> _Saved entries_
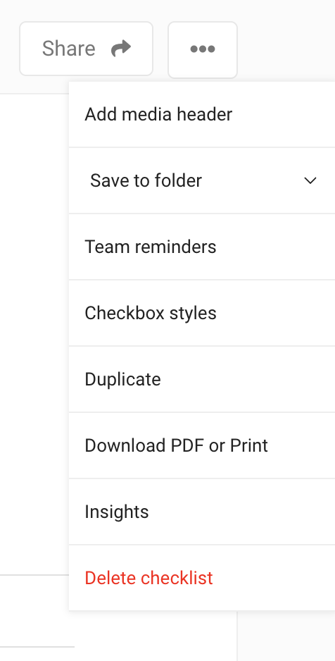 Click on the three dots at the top right of the checklist. Scroll down and click on Download PDF or Print.
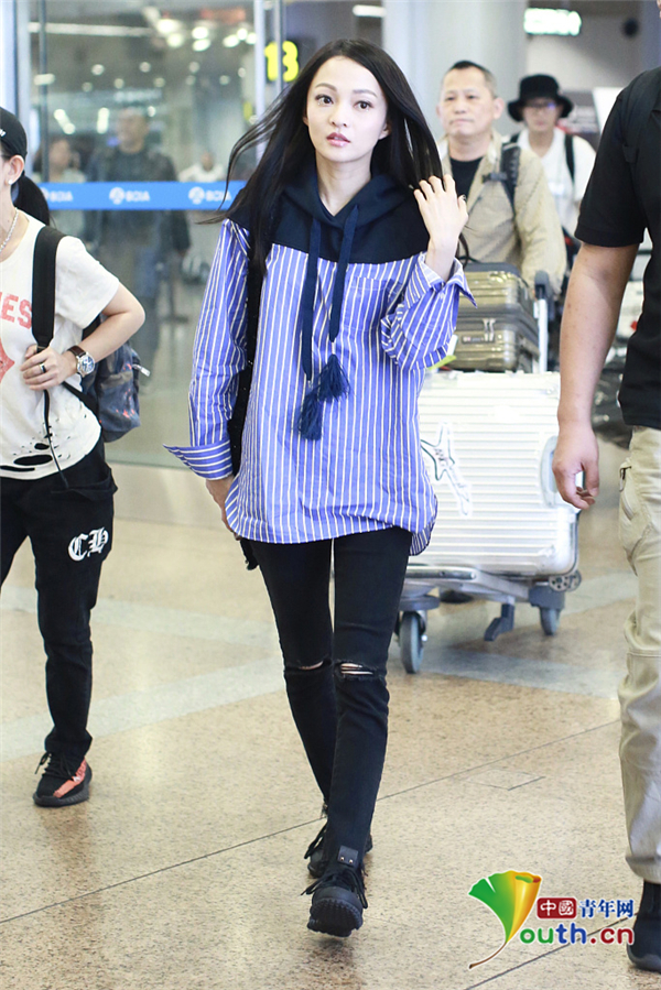 2019年4月25日,北京,张韶涵现身机场。她身穿蓝色衬衫搭配黑色紧身裤,大秀纤细身材和美腿,黑发造型凸显干净气质。
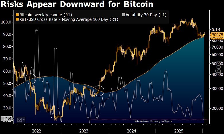 Bitcoin is coiling inside a tightening range as volatility sinks to historic lows, raising the risk of a decisive repricing that could shape crypto markets in 2026, according to Bloomberg Intelligence strategist Mike McGlone.
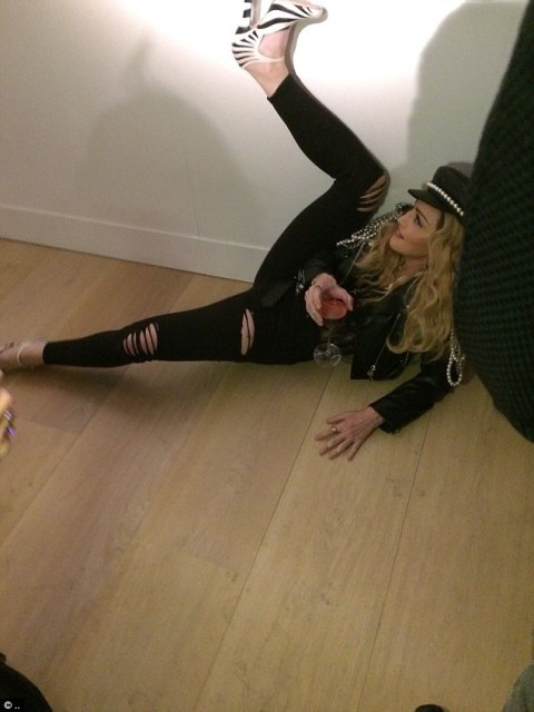 Փոփ թագուհուն լուսանկարել են գետնին՝ կիսապառկած վիճակում՝ ոտքը վերև բարձրացրած և գինու բաժակով։ Այս մասին հայտնում է «Soulpost.ru» կայքը։
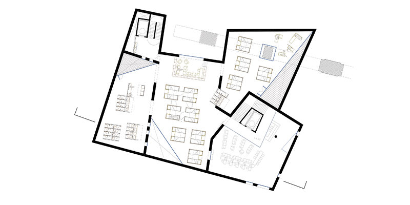 A brick pillar of the old aqueduct has been carefully integrated in the project and serves to separate one of the dormitories from a relax zone . Dormitories are organized in wide spaces and distributed over two stories. They are divided by wooden cubicles which contain beds and storage areas.
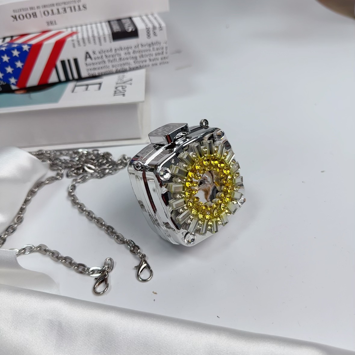 mini square box silver without pendant (diamond yellow)
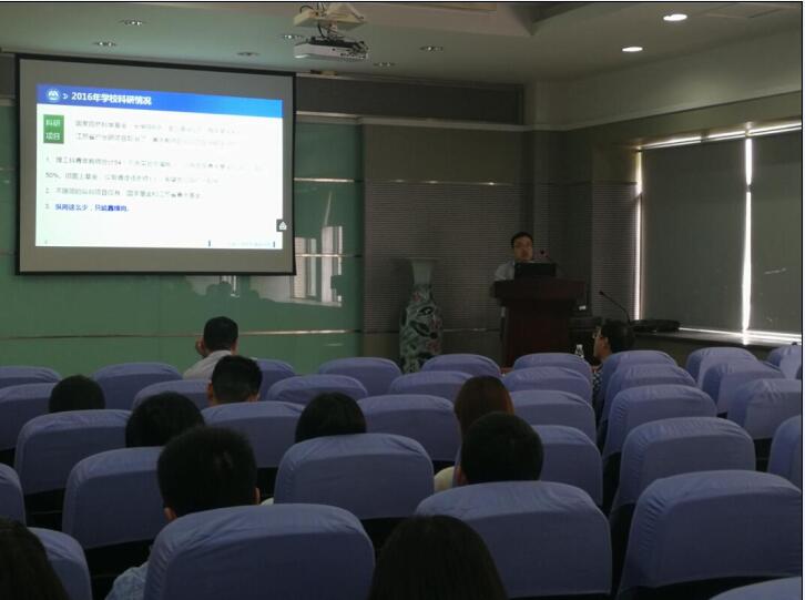 潘如如副院长首先作学院2016年青年教师科研情况报告,他从科研项目、发表论文、授权专利三个方面分析了漫画柜
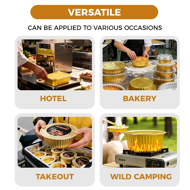 Komplexnější scénáře: Cateringový průmysl: špičková dodávka s sebou, porcování banketů, předpřipravené balení potravin, kombinace kvality a praktičnosti; Potravinářské podnikání: Malé dílny na občerstvení, zpracování omáček, elektronický obchod s čerstvými potravinami, dosažení profesionálního balení za nízkou cenu; Festivalové dárky: Vánoce, jarní festival, festival poloviny podzimu a další festivalové dárkové krabičky na jídlo. Zlatý vzhled umocňuje sváteční atmosféru a zapečetěný design zajišťuje čerstvost dárků.
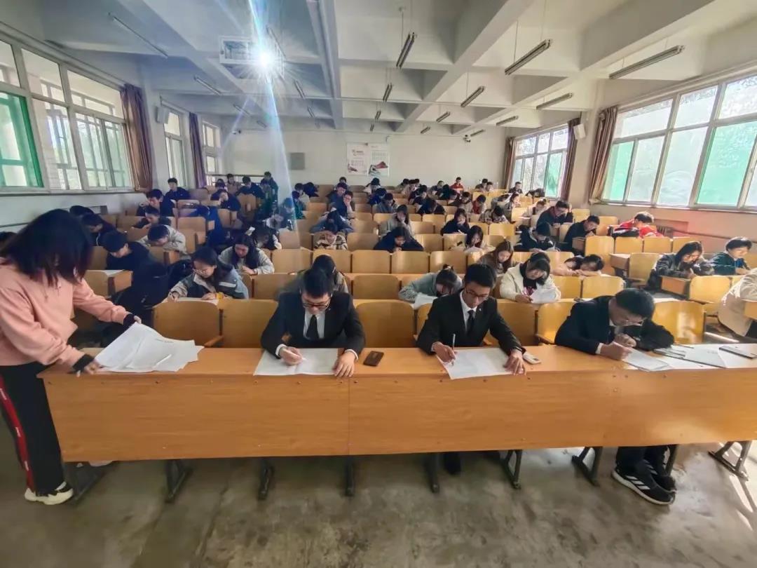 同学们于8点30到9点由心悦坊成员组织进行签到,有序落座后提前五分钟发卷,笔试现场紧张而井然有序,同学们信心满满、奋笔疾书。

> _BRIEF_
Please repeat each line above exactly as it appears, but omit the pictures.

> _ANSWER SECTION_
 Click on the three dots at the top right of the checklist. Scroll down and click on Download PDF or Print.
 2019年4月25日,北京,张韶涵现身机场。她身穿蓝色衬衫搭配黑色紧身裤,大秀纤细身材和美腿,黑发造型凸显干净气质。
 Bitcoin is coiling inside a tightening range as volatility sinks to historic lows, raising the risk of a decisive repricing that could shape crypto markets in 2026, according to Bloomberg Intelligence strategist Mike McGlone.
 Փոփ թագուհուն լուսանկարել են գետնին՝ կիսապառկած վիճակում՝ ոտքը վերև բարձրացրած և գինու բաժակով։ Այս մասին հայտնում է «Soulpost.ru» կայքը։
 A brick pillar of the old aqueduct has been carefully integrated in the project and serves to separate one of the dormitories from a relax zone . Dormitories are organized in wide spaces and distributed over two stories. They are divided by wooden cubicles which contain beds and storage areas.
 mini square box silver without pendant (diamond yellow)
 潘如如副院长首先作学院2016年青年教师科研情况报告,他从科研项目、发表论文、授权专利三个方面分析了漫画柜
 Komplexnější scénáře: Cateringový průmysl: špičková dodávka s sebou, porcování banketů, předpřipravené balení potravin, kombinace kvality a praktičnosti; Potravinářské podnikání: Malé dílny na občerstvení, zpracování omáček, elektronický obchod s čerstvými potravinami, dosažení profesionálního balení za nízkou cenu; Festivalové dárky: Vánoce, jarní festival, festival poloviny podzimu a další festivalové dárkové krabičky na jídlo. Zlatý vzhled umocňuje sváteční atmosféru a zapečetěný design zajišťuje čerstvost dárků.
 同学们于8点30到9点由心悦坊成员组织进行签到,有序落座后提前五分钟发卷,笔试现场紧张而井然有序,同学们信心满满、奋笔疾书。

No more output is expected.